Our previously determined solution NMR structure of SL3ESS3 revealed the ESS3b element (5′-GAUUAG-3′) adopts a quasi-symmetric heptaloop that we reasoned forms a binding surface for hnRNP A1.[24] Using titration calorimetry, we determined both RRM domains of UP1 are required to form a 1:1 high-affinity complex with SL3ESS3 in which binding does not disrupt the RNA secondary structure.[24] Here, we have further characterized the binding properties of the UP1–SL3ESS3 complex by conducting a systematic mutational and biophysical study. Key findings of this work reveal the SL3ESS3 secondary structure is highly conserved across several HIV-1 subtypes and is an important determinant in forming a high-affinity UP1–SL3ESS3 complex and binding involves multiple contact points primarily with purine bases of the ESS3b loop. Moreover, the data presented here shed light on how UP1 interacts with stable stem loop structures.

Materials and Methods

Phylogenetic Analysis of ESS3 Elements

Nucleotide sequences (excluding recombinants) comprising the ESS3b stem loop region (NL4-3 coordinates) were derived from the Los Alamos HIV sequence database (http://www.hiv.lanl.gov/content/sequence/HIV/mainpage.html) for HIV-1 group M subtypes (12 total) for which at least 10 sequences had been submitted. Sequences for individual subtypes were aligned in Geneious (version 6.1.7) using the ClustalW multiple-sequence alignment algorithm.[25] Consensus sequences and logos for individual subtypes were generated also using Geneious (version 6.1.7) based on the majority nucleotide present at each site. Regions of conservation for each subtype were defined on the basis of a threshold frequency (represented as the height of the logo) of 75% within the consensus logo for the corresponding aligned sequences, and nucleotides most representative of these conserved sites were used for subtype-specific secondary structure predictions.

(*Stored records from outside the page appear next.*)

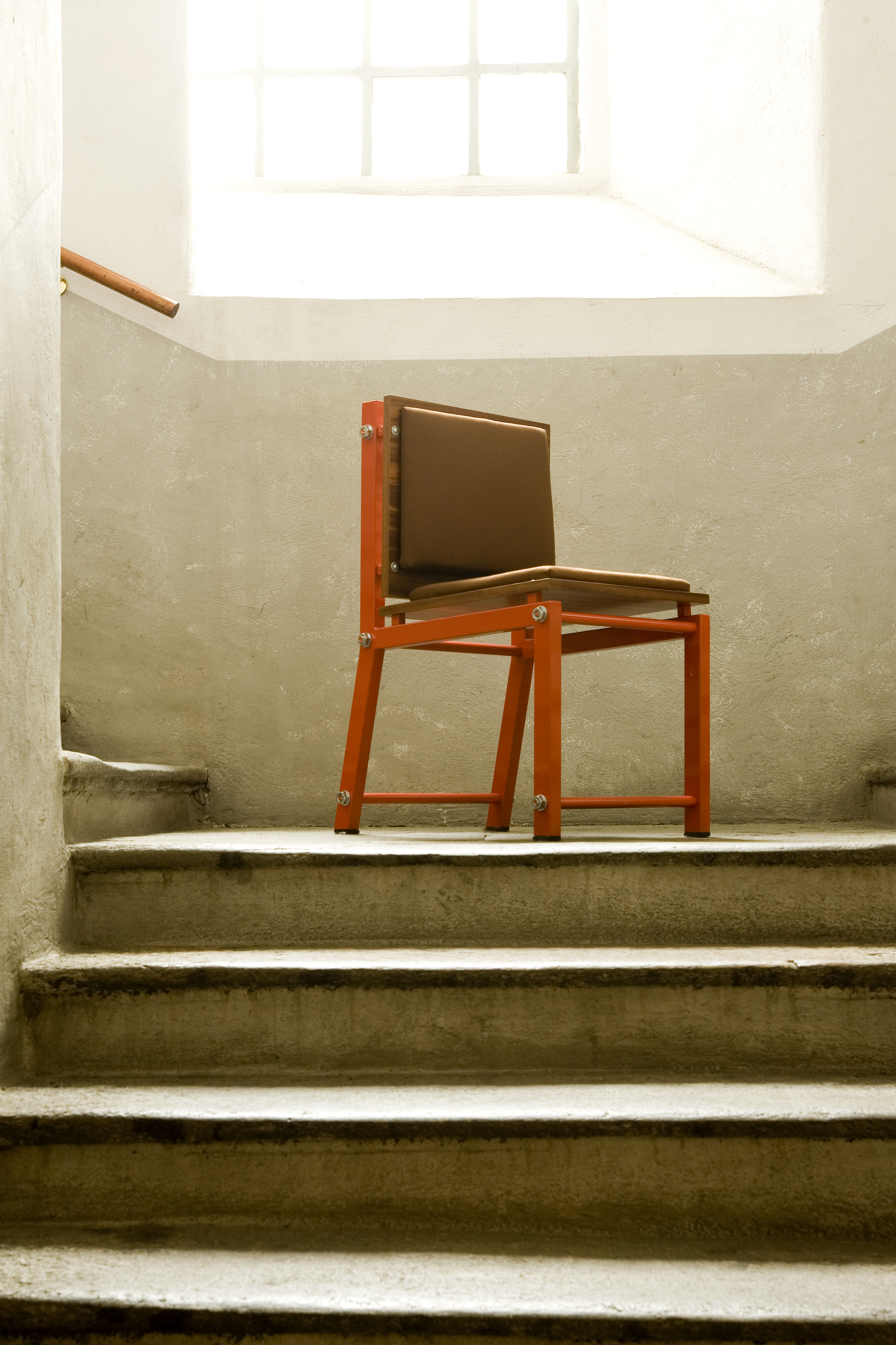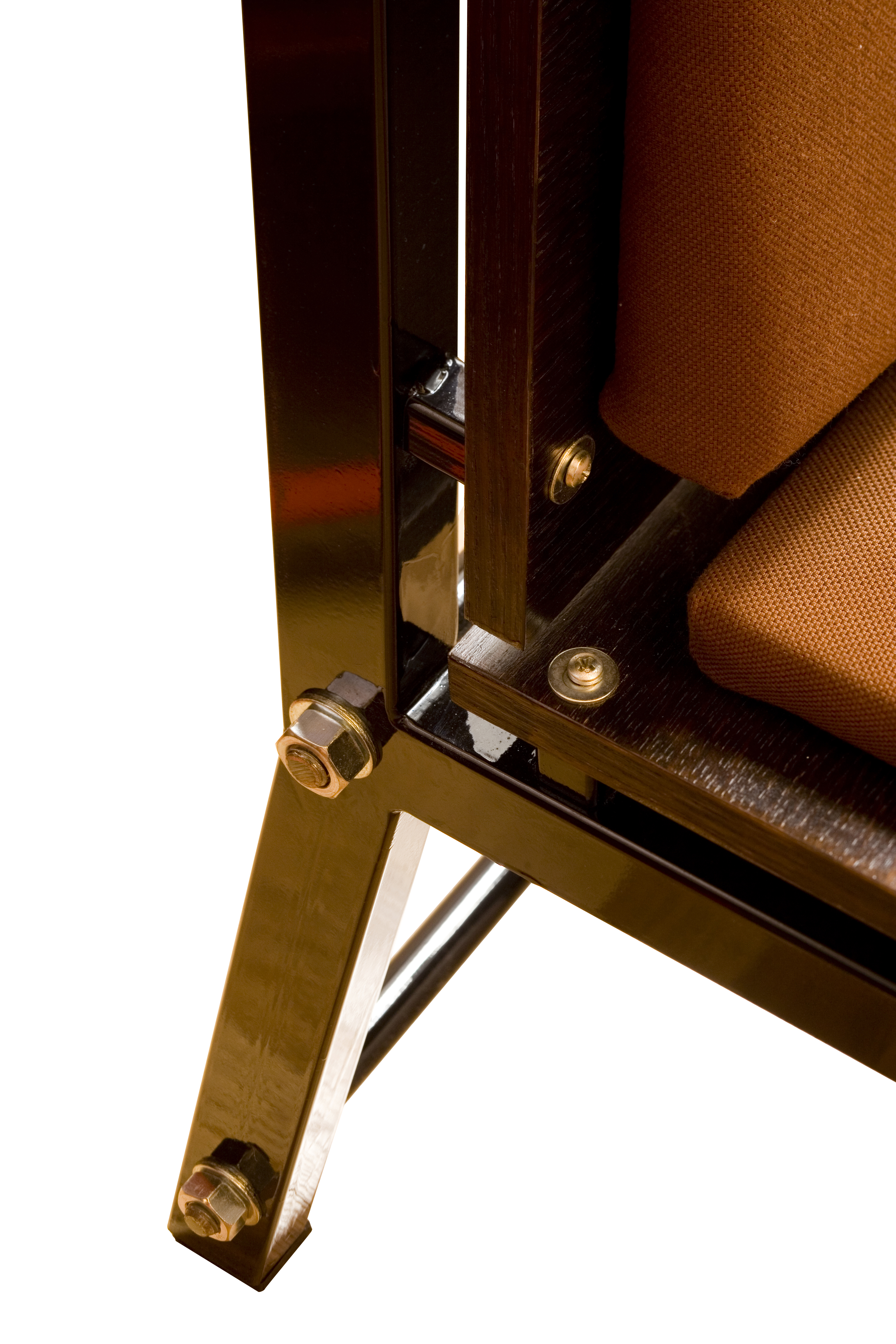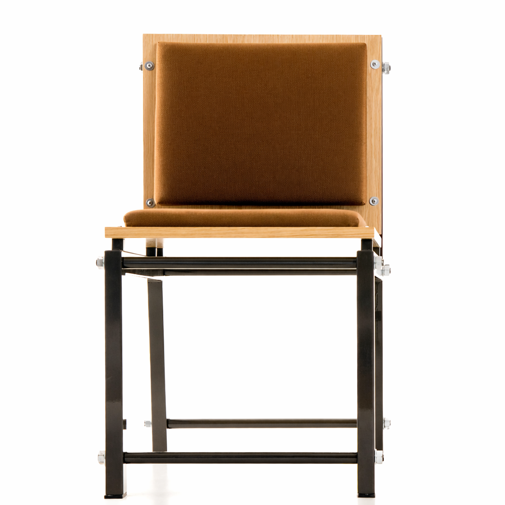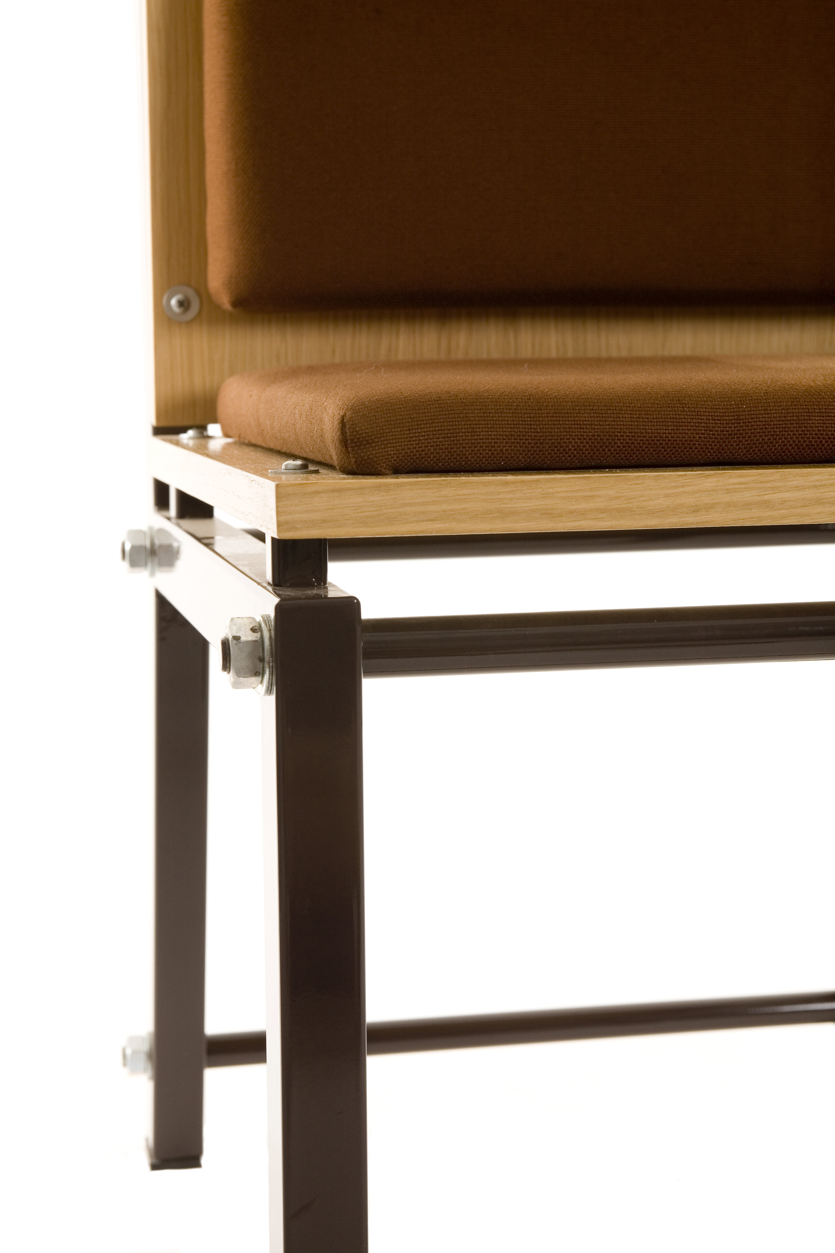 Sedia con struttura portante in tubolare metallico verniciato. Pannelli in legno listellare. Finitura a cera d'api 100% naturale. Cuscini in cotone.
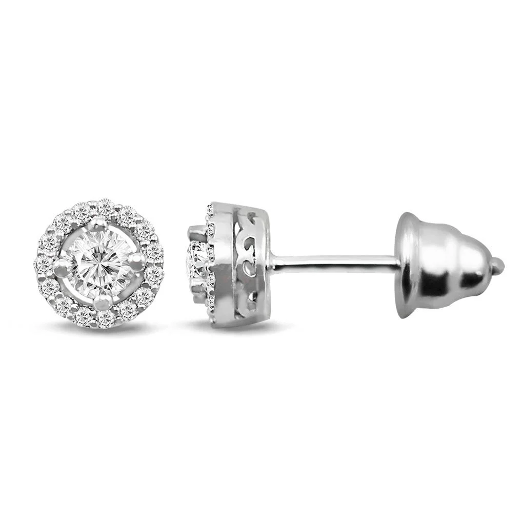 0,39 Karat Pırlanta Kenar Taşlı Tektaş Küpe F Renk
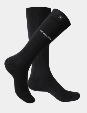 Crafted with core-spun technology, these socks feature excellent moisture-wicking to keep your feet dry and odor-free.The durable polyester-blend fabric stands up to daily wear and tear like a champ.The yarn of these socks is tightly woven for extra support and a fit that stays in place all day.High-stretch ribbed cuffs with a stay-put fit that maintains a held-in feel and prevents slippage.Easy access to the battery with the handy flip-top pocket.Core-spunTechnologyHigh-stretchRibbed CuffsFlip-TopBattery PocketHeating SystemVenustas-Warm? Heating TechnologyUltra-fine composite heating wires provide instant warmth without adding bulk.Heat on the forefoot for targeted warmth and optimal comfort.3 heating settings (High, medium, low) with a simple press of the button.3.5 hours on high, 5.5 hours on medium, and 11 hours on the low setting.Smart technology automatically adjusts to medium heat after 15 minutes on high level.Battery PerformanceTwo 7.4V/2000mAh batteries heat up fast and keep you warm for up to 11 hours.7.4V DC output port delivers consistent power for quick heat.Lightweight at just 70g, these batteries are easy to place and allow for ease movement.Fully charge in 2 hours with an 8.4V/1A charger.Safety certified by UL, CE, FCC, UKCA, and RoHS.Materials & CareMaterialsMaterial: 25%?Acrylic

A global consensus sequence and logo were also determined using an alignment of the consensus sequences for each subtype using the same method in Geneious.

Likelihood mapping implemented in Tree Puzzle (version 5.2)[26] was used to determine if sufficient phylogenetic signal was present for the group M consensus sequence alignment prior to tree reconstruction. This alignment was then used to infer a maximum likelihood (ML) phylogenetic tree (Figure 1) and to calculate the overall mean genetic distance in Mega (version 5.2).[27] The tree was outgroup-rooted using the consensus sequence for HIV-1 group O sequences also acquired from the Los Alamos HIV database. The Kimura two-parameter model with invariant sites[28] was chosen for both the tree reconstruction and distance calculations based on the likelihood ratio test of log likelihood values provided using the nucleotide model test also implemented in Mega. A series of 2000 bootstrap replicates was performed in addition to a partition analysis in Phylopart (version 2.0)[29] based on a percentile distance threshold of 9% and bootstrap support of ≥80%.

Figure 1

Maximum likelihood (ML) phylogenetic tree inferred from HIV-1 group M subtype-specific consensus sequences. The Kimura two-parameter model with invariant sites was used for ML tree reconstruction and calculation of the mean genetic distance. The HIV-1 group O consensus sequence was used for outgroup rooting of the tree. Asterisks denote bootstrap support of ≥80% for 2000 replicates. Branch lengths are presented in substitutions per site (sub/site) and scaled according to the scale bar depicted at the bottom. The overall mean genetic distance was 0.165 ± 0.041 sub/site.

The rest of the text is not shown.